P. – O Grupo de Cantares de Manhouce já rompeu as fronteiras da sua região. A Isabel Silvestre grava na capital com músicos urbanos. Continuam a encará-la da mesma forma, na aldeia? A popularidade alterou a sua maneira de viver?
R. – Sou a mesma pessoa. Falo com os outros da mesma maneira. Continua a fazer tudo da mesma maneira. Por isso as outras pessoas também me tratam da mesma maneira. Claro que sentem e gostam do que o grupo faz. Sobretudo quando vão à cidade e dizem que são de Manhouce e as pessoas sabem logo que são da terra do Grupo de Cantares. E perguntam se conhece a D. Isabel.

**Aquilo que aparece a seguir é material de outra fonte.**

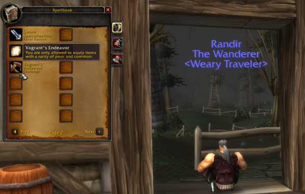 开启流浪者模式,在60级之前,只能使用灰色装备,并且不能附魔。满级后获得流浪者头衔。

Eu sinto orgulho naquilo que faço, mas também sinto que gostaria de fazer muito mais.
P. – Sente-se tão à vontade a cantar em estúdio, sobre música já gravada, como aconteceu em “Eu”, como com o Grupo de Cantares?
R. – Quando se fala de música tradicional, pensa-se sempre, ou há pessoas que pensam, numa música menor. Eu penso que a música tradicional, sendo cantada com arranjos de qualidade, fica com um enquadramento perfeito. Não quero dizer que me sinta tão à vontade como no Grupo de Cantares…
P. – Dos doze temas que fazem parte de “Eu”, sente particular afinidade por algum deles?
R. – Talvez “Senhora do Livramento”, por causa, na altura, da morte de Amália e por ser um tema que ela própria cantou. Conheci a Amália, marcou-me muito. Estive em casa dela, cantámos em casa dela, há fotos dela a cantar ao nosso lado, com o xaile e o lenço. Era uma pessoa extraordinária, de uma simplicidade e sinceridade… A gente estava ao pé daquela mulher e havia sempre coisas que vinham ter connosco.
P. – Disse há pouco que gostaria de fazer mais. Tem ideia de quê?
R. – Em conversa no estúdio, durante a gravação deste disco, pôs-se a hipótese de eu fazer para o ano um disco de temas tradicionais religiosos. Há coisas lindíssimas na minha região, e não só…
P. – É uma pessoa muito religiosa?
R. – Sou! Embora não seja – como é que hei-de dizer? – aquela pessoa certinha que vai à missa…
P. – As pessoas continuam à espera de um grande espectáculo seu aqui em Lisboa.
R. – Olhe, na altura de “A Portuguesa” esteve previsto um espectáculo no Centro Cultural de Belém, mas depois, não sei porquê, passou a Expo, ficou tudo muito complicado, as pessoas dispersaram-se… pode ser que aconteça agora.